A couple of years ago when the popular fantasy writer Neil Gaiman was on a Radio 4 comedy show and had to select and argue for a topic worthy of a place in a virtual museum, he chose perhaps the most important but arcane subject in entomology, “Bee Space”. If you love bees, without an understanding of Bee Space, you can not understand how a modern beehive is structured or why, broadly, it functions.
We know that people have been eating honey for as long as we’ve been a distinct species, but at some point, about 8,000 years ago, we moved from reliance on foraging to keeping bees in artificial hives of our own design. This was quite a step. These constructions were made out of wood, or mud, or straw, or both mud and straw and mimicked the normal pied-a-terre that bees, as obligate cavity dwellers, normally sought out for themselves. For the rest of our 8,000 years as beekeepers, we gained surprising understanding of their a bee’s needs. But, we missed something earth-shattering. Tended bees provided a guaranteed source of irreplaceable honey and wax. However, and sadly, in order to get at this bounty, there was only one solution. We had to destroy our beloved bee’s hives by completely disassembling them. This was of course wasteful and cruel.
By the 1840’s several beekeepers appear to have had the same eureka moment – although the plaudit is generally attributed to an American clergyman, Lorenzo Langstroth, who popularised an innovative hive with removable frames. This eureka moment and what made the beehives of the mid-Victorian era viable, was the overdue realisation of “Bee Space”, an recognition that bees maintain a defined distance between their combs in the wild. The lightbulb moment? Well, if you think about it, a bee’s body is about 4 to 4.5mm wide, so for two of them to work side-by-side, they leave something like 8 to 9mm clear from wax construction. This results in the predictable behaviour is twofold, if that if they encounter a space too small to crawl through (<4mm) they glue it up with propolis, (a sticky tree resin that they produce), if they encounter a space larger than 9mm, well that’s construction central! It’s very simple really.
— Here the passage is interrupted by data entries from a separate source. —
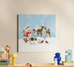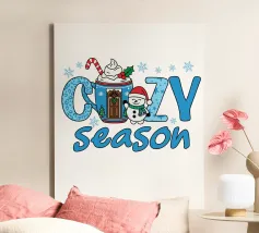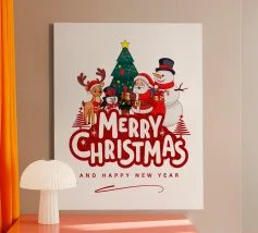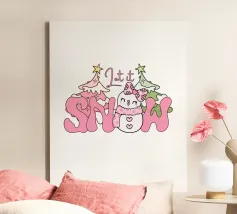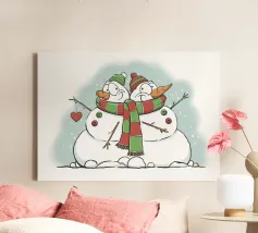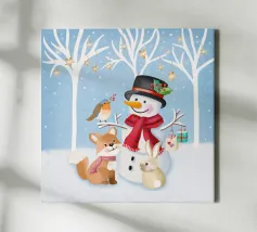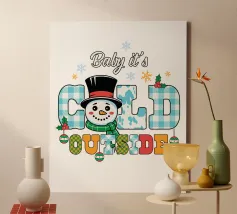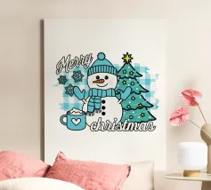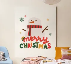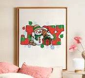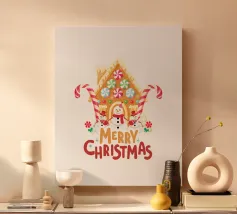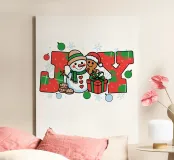 Un allegro pupazzo di neve e un omino di pan di zenzero si trovano accanto a una grande scritta rossa "JOY" ornata da fiocchi di neve e circondata da decorazioni natalizie. Scatole regalo e ornamenti festosi completano il tema stagionale.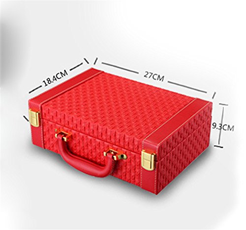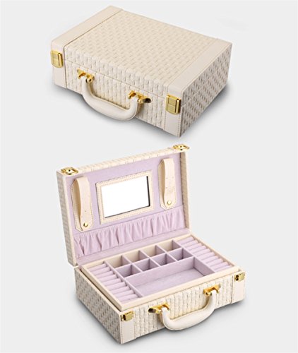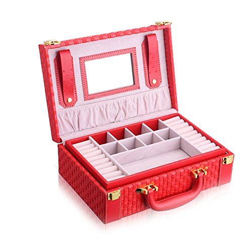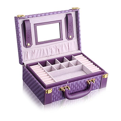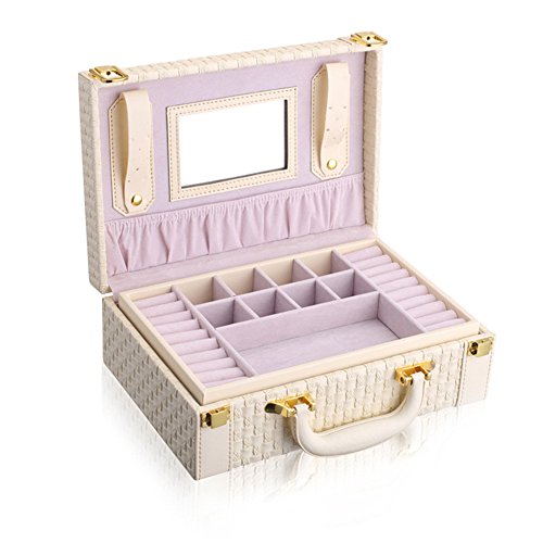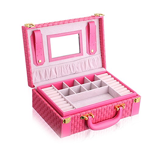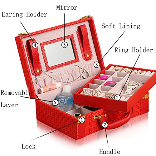 -. Feature : Good workmanship with high quality and Eco-friendly PU leather and velvet / Dimension: Approx.10.6x7.2x3.7" (27x18.4x9.3cm) / 2-layer caddy box small suitcase design allows you to store your jewelry separately within the box and keep them from colliding each other; Comes with a mirror to assit you when wearing the jewelry and make up / Large capacity portable jewelry storage box suitcase to carry and store your jewelry and some cosmetics; Perfect for those who has many jewelry and small items and travels a lot, like artist, stylist, fashion icon and so on. / Package include 1x Jewelry Storage Box only, the jewelry are for display and not included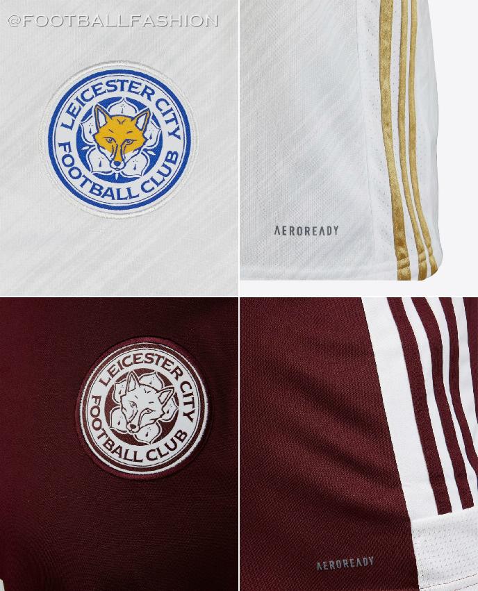 The Leicester City crest is in its normal blue and gold on the white kit. It is monochromatic on the maroon jersey.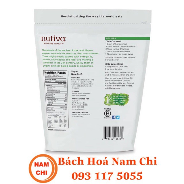 HSD: 04/2022 Quy cách: Gói 907g Xuất xứ: Mexico - Thương hiệu: Mỹ Hãng SX: Nutiva Hạt chia hay còn gọi là Salvia Hispaniola, loại hạt này đen hoặc màu. Hạt chia có hình dáng rất nhỏ khá giống hạt mè hoặc hạt é mà chúng ta vẫn thường thấy.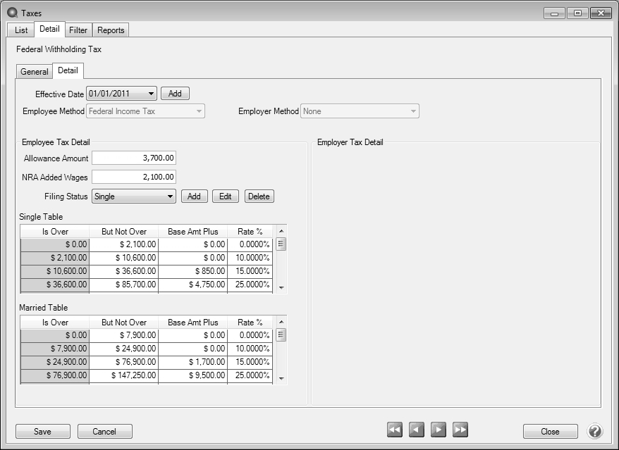 - Select File > Payroll Administration > Taxes. Using the appropriate Single or Married table, find the appropriate row for the adjusted annual wages calculated in Step 3. Document the Base Amt Plus, the Is Over and the Rate % from that row.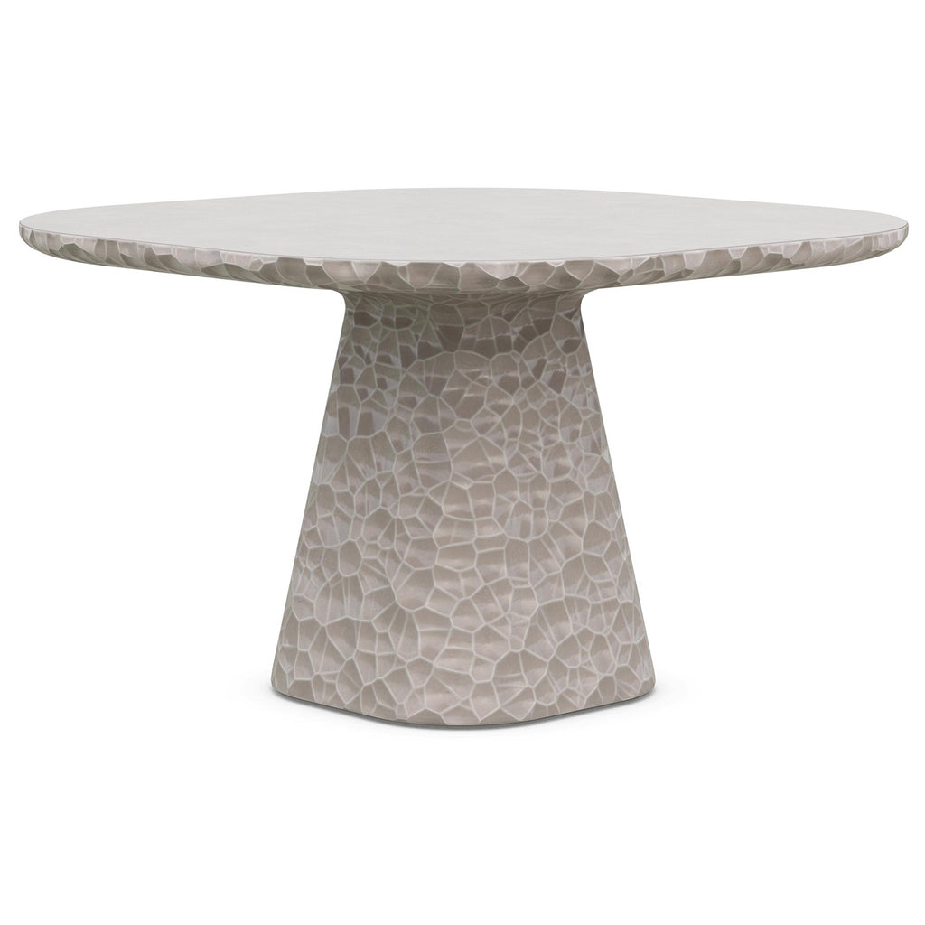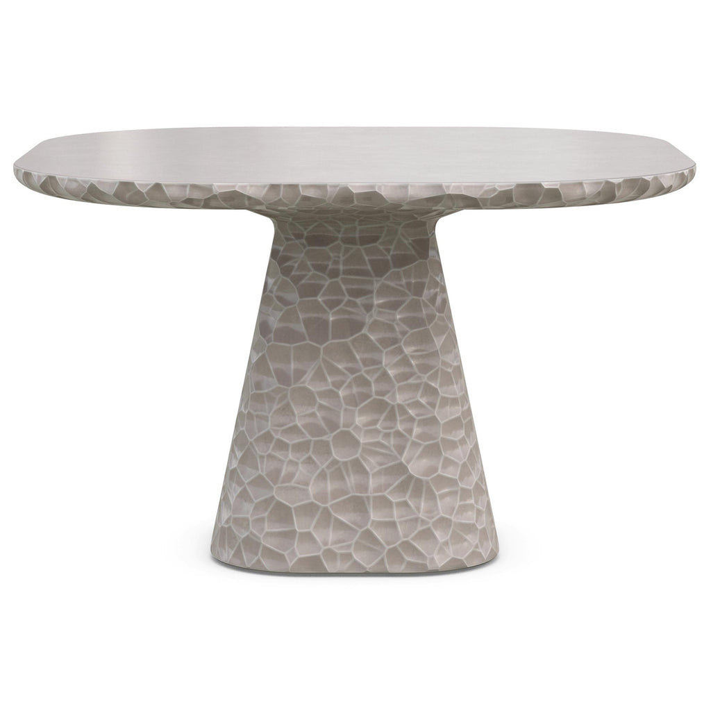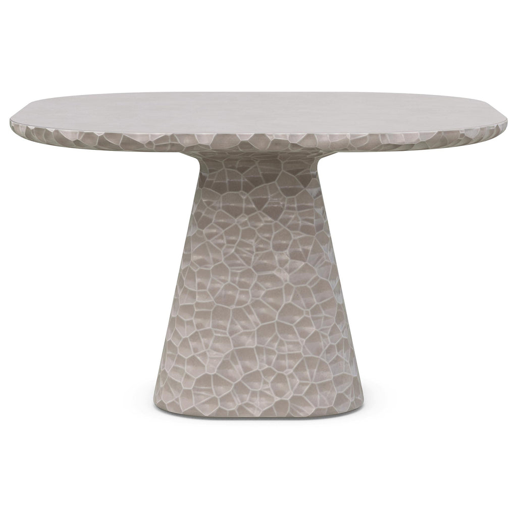 Elegantly crafted, the Panama Dining Table from Azzurro Living combines old-world charm with modern sophistication. Hand-carved circular details and a sleek polished table top create a captivating look. Its abstract honeycomb texture, resembling hammered metal, is reimagined in glass fiber reinforced concrete, providing durability and resistance to the elements. Choose the Panama Dining Table for enduring elegance.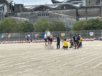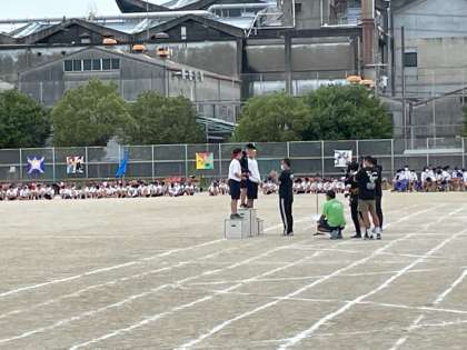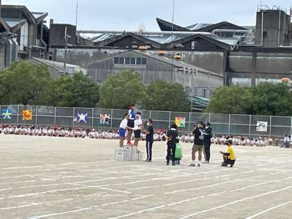 閉会式の様子です。学年別学級対抗、色別対抗、応援合戦の表彰を行いました。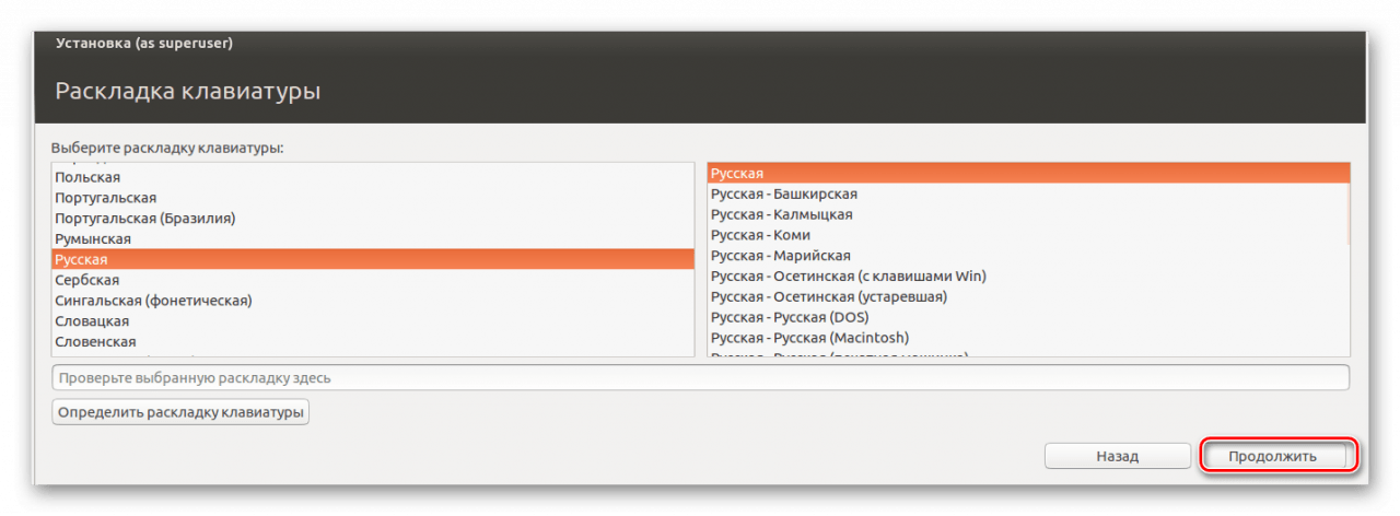 Выберите язык и раскладку клавиатуры. продолжите установку.

Apply the “Bee Space” observation to making a better beehive a bee hive, as Langstroth and others did, and you find that you can introduce removable frames so long you position them no more than 9mm apart (when drawn with wax). Similarly, don’t leave any holes smaller than 4mm unless you the want work of cleaning up.
Now, it turns out that Neil Gaiman is a keen beekeeper, we get everywhere, and he’s right, Bee Space is such an amazingly simple finding and yet so significant in the management of one of our most economically important livestock animals that it deserves to be displayed proudly in any museum. Now you know, go shout it from the roof tops. Size does matter! Apparently.